While only an elite athlete like Miller is capable of such a stellar feat, the  priests’ duties in the Temple also called for a strong arm. The Torah describes how, following the slaughter, burning and draining of a bird’s blood for a burnt offering, the priest was instructed to “remove its crop with its feathers, and cast it beside the altar on the east part, by the place of the ashes.” (Leviticus 1:16) In other words, he had to throw the feathers and the crop — the pouch in a bird’s neck that stores extra food — from the altar to the ash pile. Today, the Gemara asks why burnt offerings of birds are meant to performed at the southeastern corner of the altar: 

Rabbi Yohanan says: Because it is the closest to the place of the ashes. 

That’s logical, since performing the sacrifice close to the ash pile streamlines the operation. But what happens when sacrificial traffic is heavy and an alternate location must be found? Then, the priests have to pivot to throwing the bird remains all the way to the southwest corner of the altar, a considerable distance. 

Rabbi Yohanan says: Come and see how great was the strength of the priests, as you have no parts of birds lighter than the crop and feathers, and there were times when the priest would toss them more than thirty cubits.

A bird’s crop and feathers weigh about 50 grams (1.7 oz.), one-third the weight of a baseball. A cubit is about 18 inches, so throwing the remains across the breadth of the altar would be like tossing a slice of bread 45 feet or so. How were the priests able to accomplish it? 

Rabbi Zev Reichman, writing on today’s daf, asks whether the ability to throw these literally featherweight items was a miracle or if it was a result of training to be a priest, and what we might learn from either possibility. If it’s a miracle, he suggests, priests fulfilling the sacrificial service are divinely endowed with the physical ability to do so. If it’s a result of years of training, do we simply learn that the priests are dedicated, hard workers? Or might there be something else?

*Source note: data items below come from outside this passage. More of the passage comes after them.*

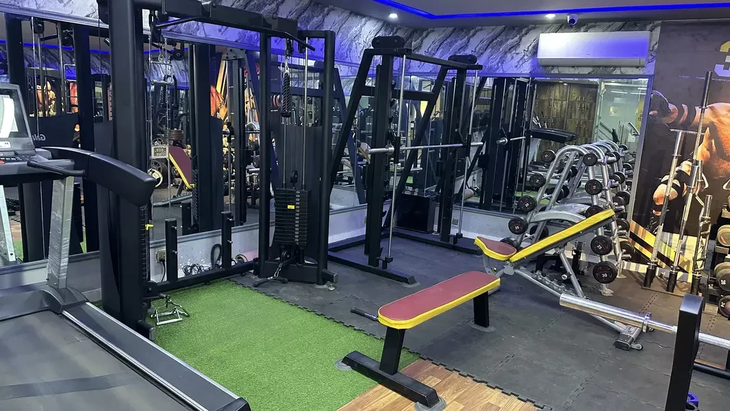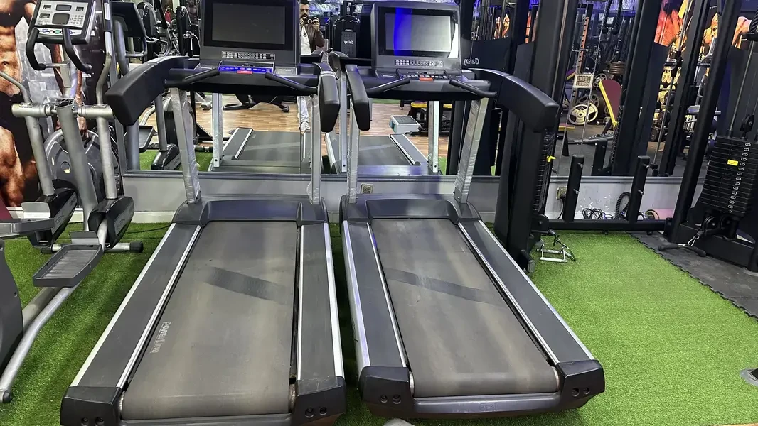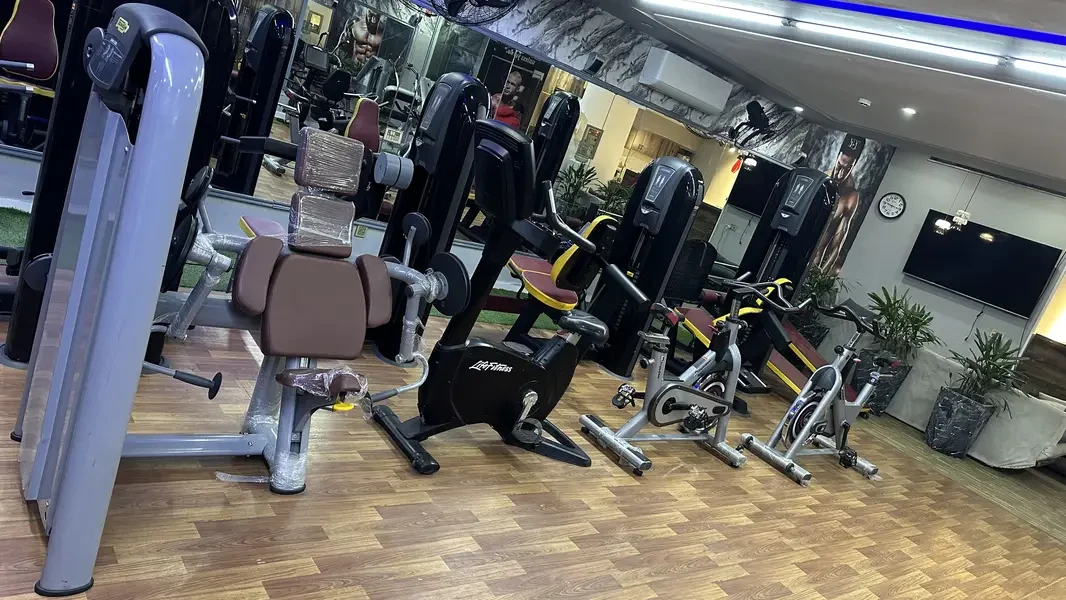 A fully running gym setup is available for sale on Main Broadway, DHA Phase 8, Lahore, featuring neat and clean imported machinery (Korien), two 2-ton air conditioners.
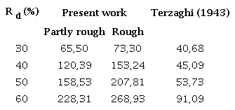The results obtained in the current study related to the bearing capacity of the unskirted square footings (partly rough and completely rough) and were compared with the classical bearing capacity formula reported by Terzaghi (1943). To calculate the bearing capacity of the footing, the friction angle obtained from the triaxial test for different relative densities was used. This comparison is shown in Table 2.
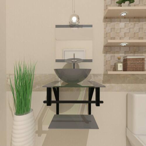Gabinete de vidro para banheiro 40cm com torneira cascata prata Os nossos gabinetes são indicados para projetos arrojados e de muito bom gosto, além de valorizar o seu ambiente com sofisticação em uma decoração de alto padrão, ele consegue usufruir das vantagens que o vidro proporciona e gerar uma durabilidade indiscutível, sem contar que com as várias opções de cores, você sempre poderá encontrar uma cor perfeita para o seu banheiro. Os vidros são pintados com tinta de alta performance, o que lhe garante a permanência da cor . Na compra deste super combo 2 em 1, você compra de uma só vez, o gabinete e a torneira cascata, de forma mais fácil, mais rápido e mais barato. Dados técnicos Itens inclusos: - bancada de vidro com furo para torneira 3,5cm diâmetro e válvula click 4,5cm diâmetro ; - cuba de vidro; - espelheira espelho ; - estrutura e porta toalha de aço carbono com pintura eletrostática preta; - kit parafusos completo para instalação; - prateleira de vidro da bancada; - torneira monocomando de vidro; - válvula click. Dimensões: - bancada de vidro: 40 x 40cm largura x profundidade ; - cuba de vidro : 30cm diâmetro; - prateleira da bancada: 40 x 18cm largura x profundidade ; - espelheira espelho : 40 x 40cm largura x altura ; - porta toalha: 40 cm largura ; - válvula click: 1 1/4 Espessuras: - bancada de vidro: 8mm; - cuba de vidro: 10mm; - espelheira espelho : 3mm; - prateleira da bancada: 5mm; Dados técnicos torneira Itens inclusos: 01 torneira monocomando, 02 mangueiras flexíveis para entrada de água quente e fria e o kit de acessórios para fixação do produto. Material: liga metálica cobre e zinco cromada com acabamento em vidro. Conexão de entrada: 1/2 polegada. Altura total da torneira: 30,9 cm. Altura da queda dágua: 18,4 cm. Pressão mínima da água: recomenda-se uma pressão de pelo menos 5mtc metros de coluna dágua para melhor performance do produto. Temperatura máxima da água: deve-se evitar fluxo de água quente acima de 80º c para não danificar as mangueiras. Montagem: montagem e instalação não inclusa na venda ou preço do produto, elas são de inteira responsabilidade do cliente. Instalação da torneira: o kit com os acessórios necessários para sua fixação encontram-se dentro da embalagem, assim como as duas mangueiras flexíveis para conexão nas saídas de água quente e fria na parede. Lembre-se que o aquecimento da água deve ser realizado através de aquecedor solar, a gás ou elétrico antes da instalação da torneira. Para os casos onde há apenas água fria, essa torneira é igualmente recomendada, bastando apenas adquirir em qualquer loja de material para construção um t plástico ou metálico na saída de água da parede, ao qual seriam conectadas ambas mangueiras que acompanham o produto. : 12 meses conforme política de troca e devoluções . Montagem: montagem e instalação não inclusa na venda ou preço do produto, elas são de inteira responsabilidade do cliente. Imagens ilustrativas. Marca: Não Informado
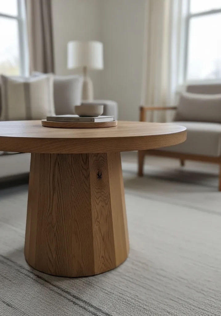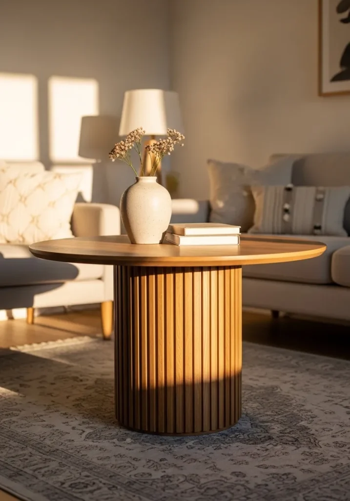 This design focuses on texture and geometry to create a warm yet contemporary focal point for a living room. The piece features a perfectly circular wooden top supported by a thick cylindrical base wrapped in vertical slats or fluting. This repetitive line work adds a beautiful rhythmic detail that catches the golden hour light and gives the furniture a soft architectural feel. Set on a faded vintage-style rug and surrounded by cream colored sofas, the natural oak tones bring an earthy and serene energy to the entire seating area.
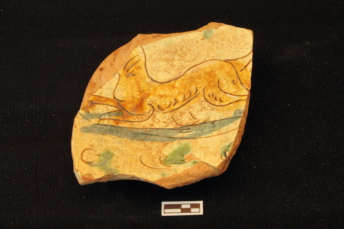 Scodella con piede ad anello leggemente umbonato e corpo emisferico schiacciato. All'interno è presente un decoro zoomorfo con un cane volto a sinistra, il cui corpo è marcato da pennellate di colore giallo. Sul cavetto si notano i segni lasciati dal distacco del treppiede di cottura.
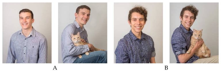 在這項實驗中,總共有 708位年屆 18-24歲的女性完成問卷。在問卷中,研究者向女性們展示兩名男性、各兩組照片,一組與貓合照,另一組則無。
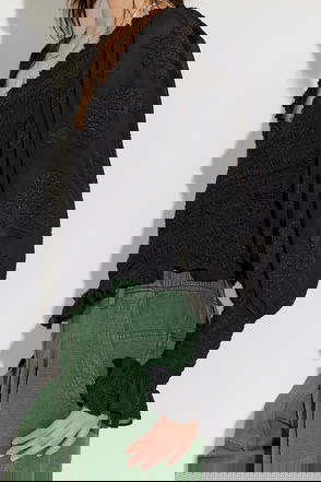 So delicate with lace all over, this stunning blouse is featured in a mock-neck style with ruffled accents and a billowy bodice.
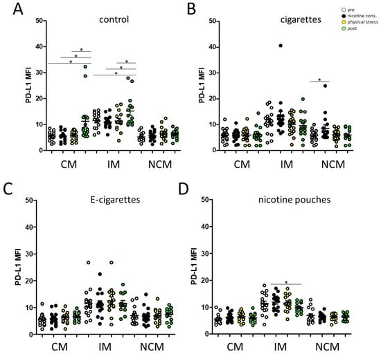 Checkpoint molecule PD-L1 on peripheral blood monocyte subsets (CM: classical monocytes; IM: intermediate monocytes; NCM: non-classical monocytes) during the course of our study (pre; nicotine consumption; physical stress; post). Different parameters (A) control (consumption of nicotine free e-cigarette), (B) cigarette, (C) e-cigarette, and (D) pouch were investigated with regard to the measuring point ‘nicotine consumption’, respectively. *: p < 0.05. MFI: mean fluorescence intensity.
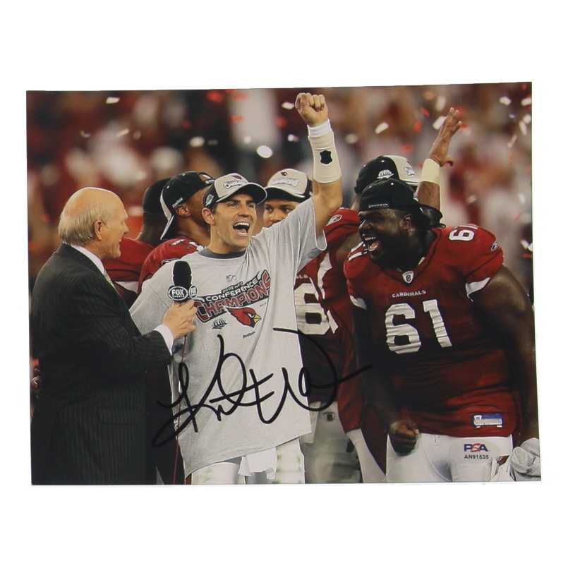 Photo measures 8x10 in size. Hand-signed by Kurt Warner (Arizona Cardinals, HOF).

Reichman answers by relating a story about the Chofetz Chaim (Rabbi Yisrael Meir Kagan, the influential 19th century Lithuanian rabbi best known for his foundational writing on the sins of evil speech), who was himself a priest. Apparently, Rabbi Kagan was constantly in training for the priesthood, so that if the messianic age — for which traditional Jews pray daily — should arrive, he would have the skills to serve in the rebuilt Temple in Jerusalem. While Rabbi Kagan would reportedly run up ramps and chase after wagons to build up his stamina, might others train to throw light objects long distances? Perhaps. 

But I think this conversation teaches us something more — in order to do hard, nearly impossible things, we need both training and a touch of the divine. When asked if the record-breaking pitch was the best he ever threw, Miller told a reporter: “It’s the best fastball [I’d ever thrown]. Sometimes everything syncs up and the execution is perfect.” Applied to the study of Talmud, particularly when learning challenging tractates like Zevachim, dedicating extra time to deepen our understanding of the text — training, if you will — certainly helps us improve. And sometimes, when everything syncs up, we might even catch a flash of new inspiration.



Read all of Zevachim 64 on Sefaria.

This piece originally appeared in a My Jewish Learning Daf Yomi email newsletter sent on November 17, 2025. If you are interested in receiving the newsletter, sign up here.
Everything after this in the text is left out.